Steinberg contends that the Commission arbitrarily and capriciously discarded the register of eligibles, but there is no evidence to support that contention. As to the applicants in the open competitive examination, the record contains an uncontradicted sworn statement that the rerating was for the purpose of according uniform treatment to all applicants. Steinberg stresses a claim that the action was arbitrary because the ultimate result, which he says was the purpose, was to reinstate some sixty incumbents who had been rated ineligible by the board of examiners. But the action of the board was at all times subject to review by the Commission, and it apparently disagreed with the board. We cannot say that the Commission was wrong without re-evaluating qualifications, a task which we cannot undertake.5
Even as to incumbent examiners the Supreme Court said in the Ramspeck case:6
"The position of hearing examiners is not a constitutionally protected position. It is a creature of congressional enactment. The respondents have no vested right to positions as examiners."

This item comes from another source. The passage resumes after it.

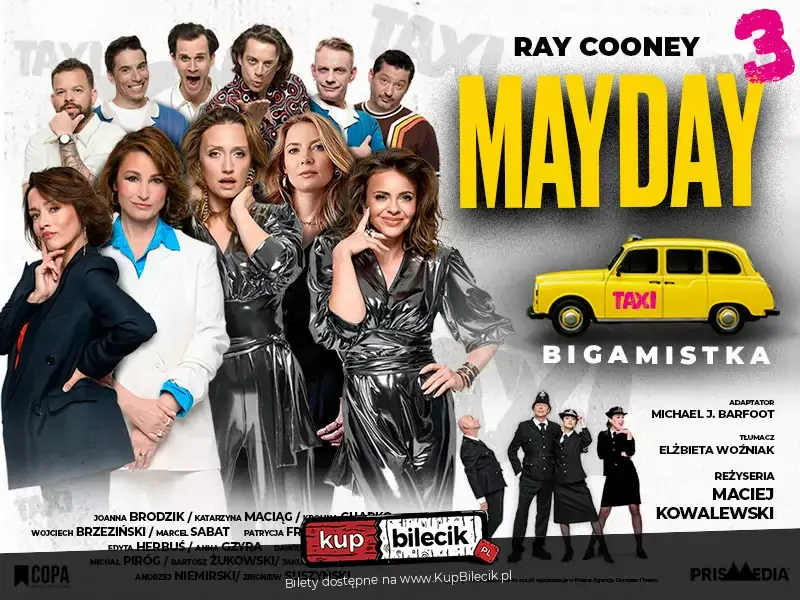 Jackie Smith jest mieszkanką Londynu, taksówkarką, a także... Bigamistką. Ma dwa domy, dwóch nie mających pojęcia o swoim istnieniu mężów oraz bardzo precyzyjny rozkład dziennych, a szczególnie nocnych zajęć. Niefortunny zbieg okoliczności - wypadek, sprawia, że do akcji wkracza policja. Sytuacja staje się dramatyczna, grafik Jackie zaczyna się sypać. Zdesperowana taksówkarka stara się ukryć swoje podwójne życie. Czy uda się jej zachować wszystkie sekrety w tajemnicy? Niesamowicie zabawne sytuacje zaprowadzą nas do rozwiązania tej zagadki. Mayday Bigamistka to znakomita, dynamiczna komedia Raya Cooneya w kongenialnej adaptacji Michaela Barfoota, w tłumaczeniu Elżbiety Woźniak i w reżyserii Macieja Kowalewskiego, znanego widzom z reżyserii kultowych spektakli: The Strings czy Kolejny wieczór kawalerski.

A fortiori applicants for positions as hearing examiners have no vested rights to the positions.
That the Commission had difficulty in carrying out its duties in respect to hearing examiners under the Administrative Procedure Act is no secret.7 Nevertheless we think that the revision of its procedure, involved in Departmental Circular No. 592, Supplement No. 3, was well within the discretion conferred upon the Commission by the statute and by the general rules relating to executive control over the personnel in the executive departments.
1. 60 Stat. 244 (1946), as amended, 5 U.S. C.A. § 1010.

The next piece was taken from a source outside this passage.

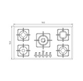 گاز رومیزی استیل البرز مدل G5910W دارای 5 شعله است و شعله پلوپز آن در وسط قرار گرفته است. نمای اجاق گاز شیشه سکوریت سفید کار شده است که در برابر ضربه و حرارت مقاوم است. ابعاد آن 51*91 سانتیمتر است. قطعات اصلی این اجاق گاز ایتالیایی و از برند DEFFENDI است. ابعاد برش این گاز 475*875 میلیمتر است.

2. 12 Fed.Reg. 6321 (1947), as amended, 5 Code Fed.Regs. § 34.
3. E. g., Decatur v. Paulding, 1840, 14 Pet. 497, 40 U.S. 497, 10 L.Ed. 559; Keim v. United States, 1900, 177 U.S. 290, 20 S. Ct. 574, 44 L.Ed. 774.
4. E. g., Powell v. Brannan, 1952, 91 U.S. App.D.C. 16, 196 F.2d 871; Levy v. Woods, 1948, 84 U.S.App.D.C. 138, 171 F.2d 145; Friedman v. Schwellenbach, 1946, 81 U.S.App.D.C. 365, 159 F.2d 22, certiorari denied, 1947, 330 U.S. 838, 67 S. Ct. 979, 91 L.Ed. 1285; Hammond v. Hull, 1942, 76 U.S.App.D.C. 301, 131 F.2d 23, certiorari denied, 1943, 318 U.S. 777, 63 S.Ct. 830, 87 L.Ed. 1145; Levine v. Farley, 1939, 70 App.D.C. 381, 107 F.2d 186, certiorari denied, 1940, 308 U.S. 622, 60 S.Ct. 377, 84 L.Ed. 519; Bailey v. Richardson, 1950, 86 U.S.App. D.C. 248, 182 F.2d 46, affirmed, 1951, 341 U.S. 918, 71 S.Ct. 669, 95 L.Ed. 1352.
6. Ramspeck v. Trial Examiners Conf., 1953, 345 U.S. 128, 133, 73 S.Ct. 570.
7. See, for example, Fuchs, The Hearing Examiner Fiasco Under the Administrative Procedure Act, 63 Harv.L.Rev. 737, 767 (1950).